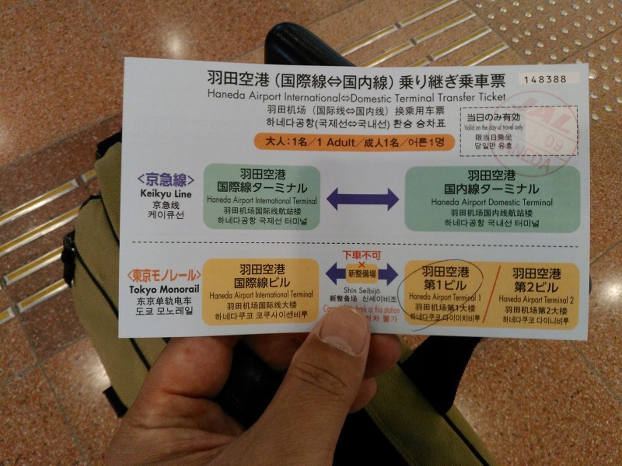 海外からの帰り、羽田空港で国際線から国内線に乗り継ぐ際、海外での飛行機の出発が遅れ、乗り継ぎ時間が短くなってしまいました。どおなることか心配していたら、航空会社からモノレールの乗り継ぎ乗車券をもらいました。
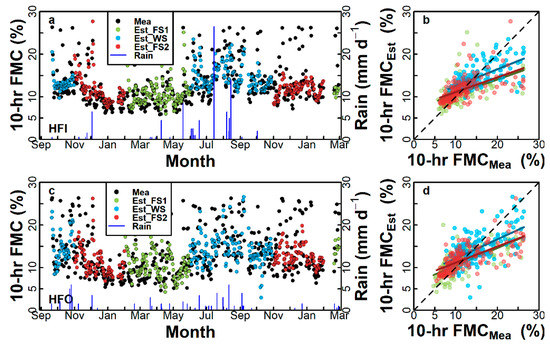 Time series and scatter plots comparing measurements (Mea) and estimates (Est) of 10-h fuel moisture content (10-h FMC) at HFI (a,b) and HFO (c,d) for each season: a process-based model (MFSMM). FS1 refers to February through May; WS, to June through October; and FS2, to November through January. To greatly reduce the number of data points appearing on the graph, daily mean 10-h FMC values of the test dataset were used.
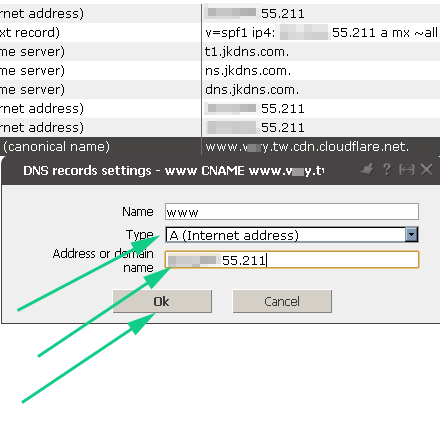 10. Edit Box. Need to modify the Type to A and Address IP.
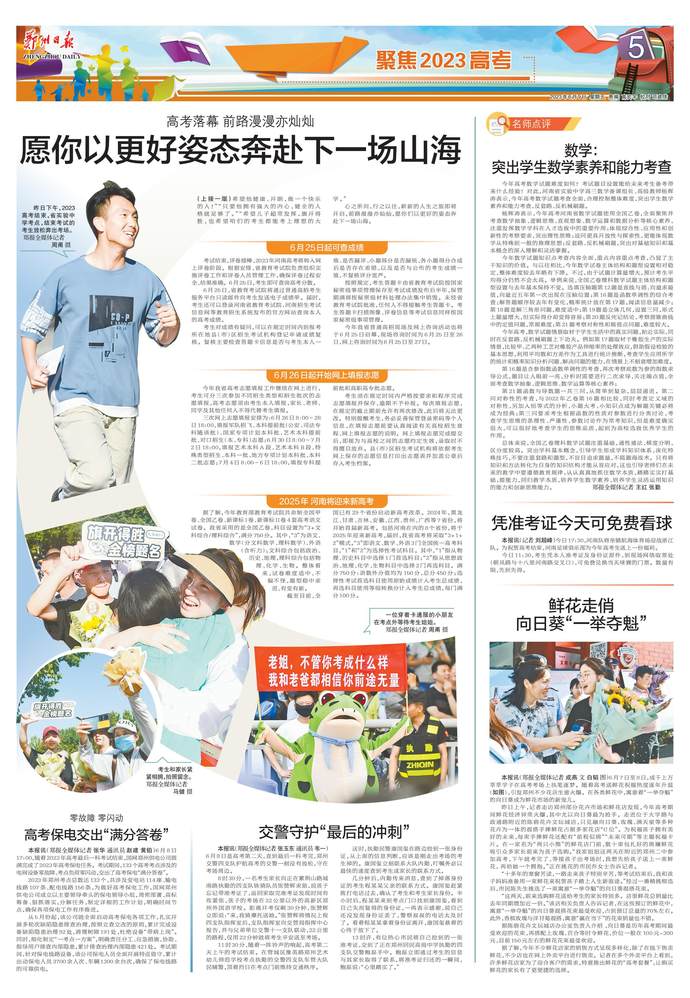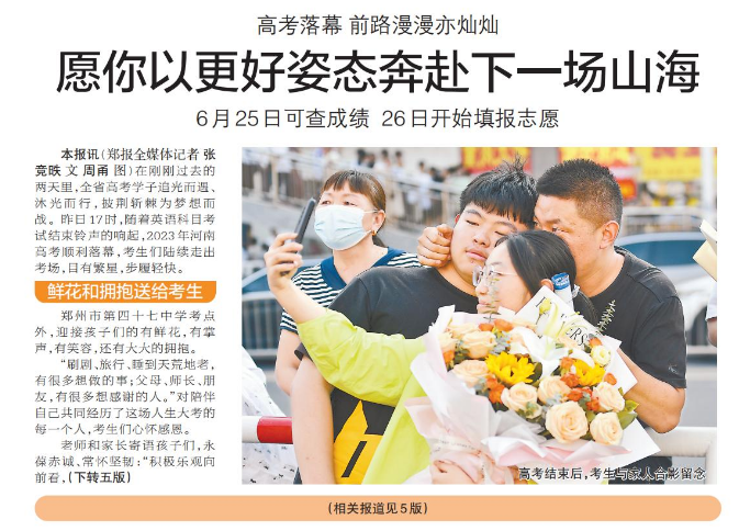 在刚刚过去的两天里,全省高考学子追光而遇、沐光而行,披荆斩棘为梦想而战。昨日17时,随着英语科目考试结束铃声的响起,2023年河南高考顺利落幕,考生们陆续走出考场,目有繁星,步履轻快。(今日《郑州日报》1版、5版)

==

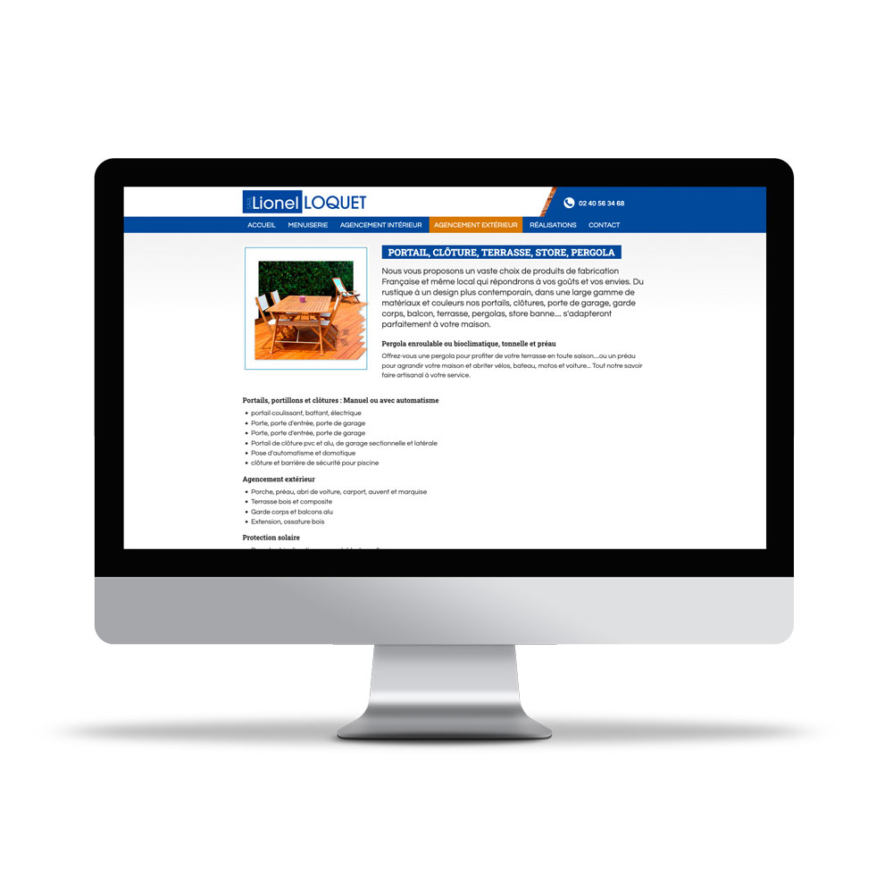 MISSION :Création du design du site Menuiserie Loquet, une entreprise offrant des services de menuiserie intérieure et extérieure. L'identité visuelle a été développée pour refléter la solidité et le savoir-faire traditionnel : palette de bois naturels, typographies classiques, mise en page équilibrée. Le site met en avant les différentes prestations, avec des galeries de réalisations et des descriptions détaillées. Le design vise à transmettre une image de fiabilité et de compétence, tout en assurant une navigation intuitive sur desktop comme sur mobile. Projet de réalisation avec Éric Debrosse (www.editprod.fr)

▶ [PROBLEM] Of the records above, print only the lines from the one containing "Time series and" through the one containing "在刚刚过去的两天里,全省高考", inclusive and unaltered, leaving out pictures.

▶ [SOLUTION FOR THIS TASK]
 Time series and scatter plots comparing measurements (Mea) and estimates (Est) of 10-h fuel moisture content (10-h FMC) at HFI (a,b) and HFO (c,d) for each season: a process-based model (MFSMM). FS1 refers to February through May; WS, to June through October; and FS2, to November through January. To greatly reduce the number of data points appearing on the graph, daily mean 10-h FMC values of the test dataset were used.
 10. Edit Box. Need to modify the Type to A and Address IP.
 在刚刚过去的两天里,全省高考学子追光而遇、沐光而行,披荆斩棘为梦想而战。昨日17时,随着英语科目考试结束铃声的响起,2023年河南高考顺利落幕,考生们陆续走出考场,目有繁星,步履轻快。(今日《郑州日报》1版、5版)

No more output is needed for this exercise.